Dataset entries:
== Segment start ==

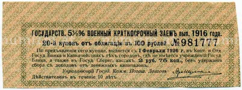 Купон от облигации 100 рублей 1916 года «Государственный военный краткосрочный заем» (Артикул: T11-26992): подробные характеристики, качественные фотографии в высоком разрешении, низкая цена.
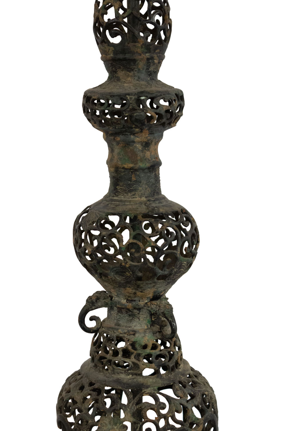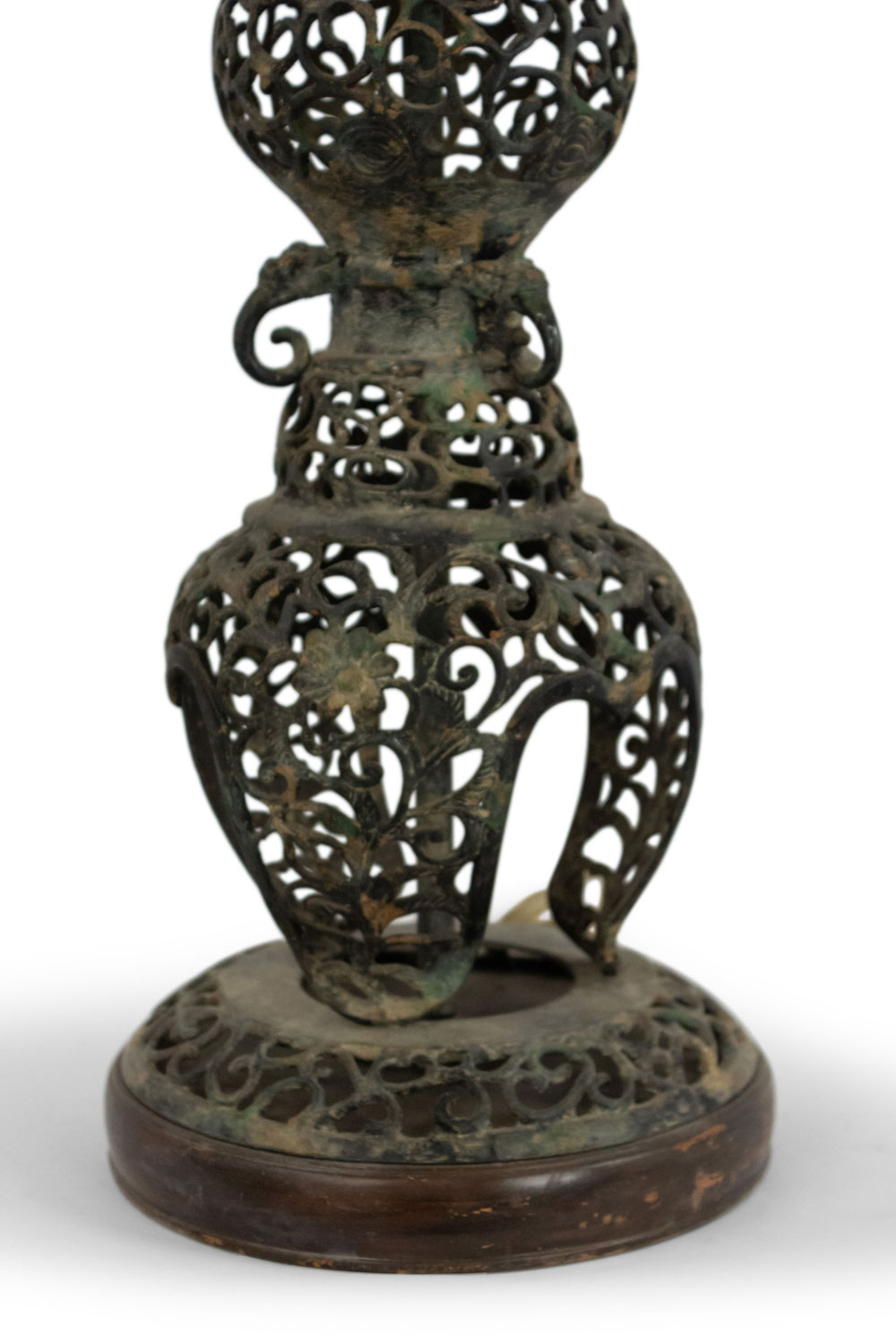 Asian Chinese style (19/20th Century) tall black iron filigree design tiered table lamp on a round base..
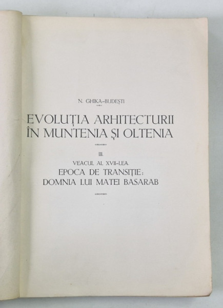 EVOLUTIA ARHITECTURII IN OLTENIA SI MUNTENIA, VEACUL AL -XVII -LEA de N.GHIKA BUDESTI VOL.III ,1933 , COTOR RESTAURAT
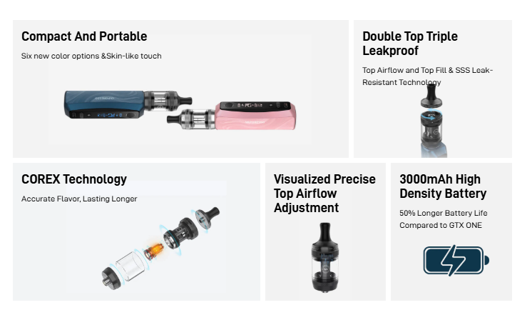 ✔ تحكم علوي في تدفق الهواء - لدعم أنماط التدخين MTL وRDL وDL
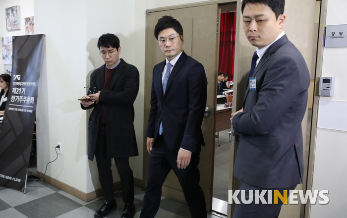 YG엔터테인먼트가 클럽 버닝썬 사건과 국세청 세무조사 등으로 몸살을 앓고 있는 가운데 22일 서울 양화로 홀트아동복지회 대강당에서 주주총회를 열었다.
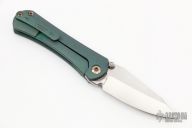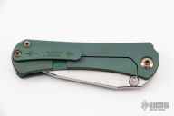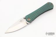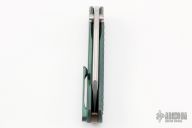 This SBDP by Borka Blades features a two-tone finish blade with mirror polish bevels, satin flats, and dual thumbstuds. The handle has an antique green diamond wash titanium frame with anodized backspacer with tritium insert, anodize finish hardware, and matching tip up clip. Nice detent, lockup and blade seating. Comes with zippered case. New from the 2022 USN Gathering.

== Segment end ==

WHAT NEEDS TO BE DONE:
Write out the data in full and exactly as given, though without the images.

REPLY:
 Купон от облигации 100 рублей 1916 года «Государственный военный краткосрочный заем» (Артикул: T11-26992): подробные характеристики, качественные фотографии в высоком разрешении, низкая цена.
 Asian Chinese style (19/20th Century) tall black iron filigree design tiered table lamp on a round base..
 EVOLUTIA ARHITECTURII IN OLTENIA SI MUNTENIA, VEACUL AL -XVII -LEA de N.GHIKA BUDESTI VOL.III ,1933 , COTOR RESTAURAT
 ✔ تحكم علوي في تدفق الهواء - لدعم أنماط التدخين MTL وRDL وDL
 YG엔터테인먼트가 클럽 버닝썬 사건과 국세청 세무조사 등으로 몸살을 앓고 있는 가운데 22일 서울 양화로 홀트아동복지회 대강당에서 주주총회를 열었다.
 This SBDP by Borka Blades features a two-tone finish blade with mirror polish bevels, satin flats, and dual thumbstuds. The handle has an antique green diamond wash titanium frame with anodized backspacer with tritium insert, anodize finish hardware, and matching tip up clip. Nice detent, lockup and blade seating. Comes with zippered case. New from the 2022 USN Gathering.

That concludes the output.